Been awhile since my last post. I have been doing ok actually. Started new Chemo drugs last week and there have been no problems. Actually I think these drugs are not screwing with my taste buds as things have been tasting alot better to me. Especially soda. I'm not getting any after taste when I drink a soda now. I have not tried a pizza yet, really ain't been in the mood for one. Probably will next week.

I go in for Chemo today, just waiting for that time to come. I was right in my last post, these Chemo drugs do not take as long as the others I was on to administer, and NO PUMP!!!!! WooHooo!!!

Like I said I'm doing ok. No pain anywhere, I feel normal. I have been doing alot of sleeping the past 2 days. I think I have slept 2 days straight. Only up to eat something then back to bed. The Doc said these new drugs would hit 2x in the blood count dept. My counts go down, I get tired. There is nothing that can be done. That's ok with me. When I work I drink coffee and Mountain Dew, that's how I stay awake, lol. Also chatting with the guys in the office when they are on.

Well, I have the basement how I want it now. Just need to get one more shelf. I have my baseball cards in their place, my records in their place, comic books and non-sports cards in their place as well. I just need to break out my video game systems and hook those up and it will be complete. Picked up a couple nintendo carts at Goodwill a few days ago, I'm gonna have to get off of my lazy ass and start going to yard sales again. Not for baseball cards and comic books, but yard sales are a great place to find records and video games. I still collect all of that stuff, I just do not look for the stuff on ebay, I still look on ebay for video games though. The 127 sale is coming up next month. I hoping to score some good video games finds during that.

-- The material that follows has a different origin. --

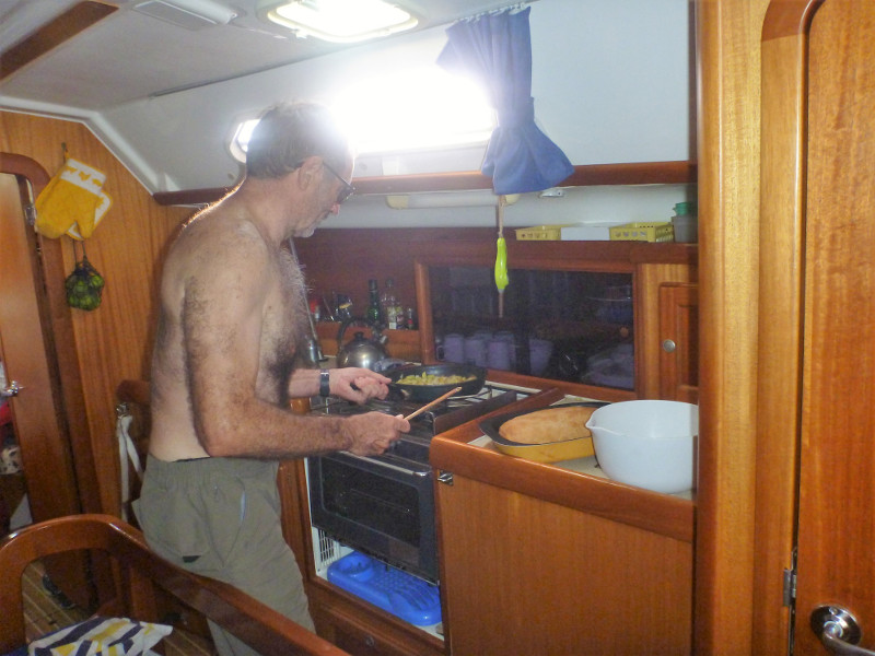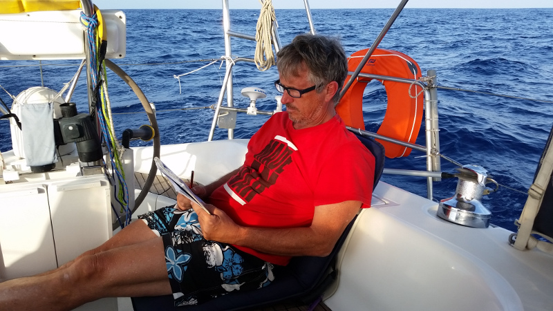 Le début de la traversée se fait vent de travers. Puis dans la première nuit, nous passons vent arrière avec un bon 25 nœuds. Nous avançons à quasiment huit nœuds. Mais cela ne dure pas. La dernière nuit et la dernière journée se font avec l'appui du moteur, avant que la manille qui relie le génois à la drisse ne se dévisse, nous enlevant le génois pour la fin du trajet.

The other half of the basement I gave the lady is in total chaos. I have finally figured her out. She's a stacker. She has all these little piles of crap all over the house. The basement is no different. She bitched at me for a whole month how she wanted another shelf down there. Well 3 weeks ago I went out and got her one and told her I would put it together whenever she wanted. The shelf is sitting exactly where I put it when I got it home. I have not touched it, and the lady has not bitched about a shelf either. Man, that burns me. Now I know the lady ain't never gonna be fucking happy unless she is bitching about something. I think most wives are like that actually. I have been spending alot of time down here in the basement. It's peaceful down here. I tell the lady I don't want to be bothered, and that's it. They leave me the fuck alone. It's not that I'm in a bad mood, or pissed off at them or anything, I'm just getting tired of dealing with the kids. I like having them here, and they are going to stay here, it's just sometimes I need my time. I don't know how the lady does it. She has not had anytime to herself since they have been here. That 9 yr old is constantly on her ass. He's a little mamas boy. I have tried to be tough on him but the lady don't like it. She has turned him into a little wuss. He's gonna have problems when he gets older being a little femie wuss like he is. Oh well, I tried. If he gets his ass kicked and wants me to teach him how to fight, I will. I tried to teach him awhile ago and the lady didn't want me too. I'm just glad he's living with us and not his mother. His mother lives in the scum part of town and with him being there it would be only a matter of time till he starts hanging out with the wrong crowd. His mom's a fucking skank and she belongs there, he don't.

Well, nothing much else going on. It's been pretty quiet actually. Feeling normal and doing alot of sleeping...LOL.

NEVER GIVE UP!!!!! NEVER SURRENDER!!!!!!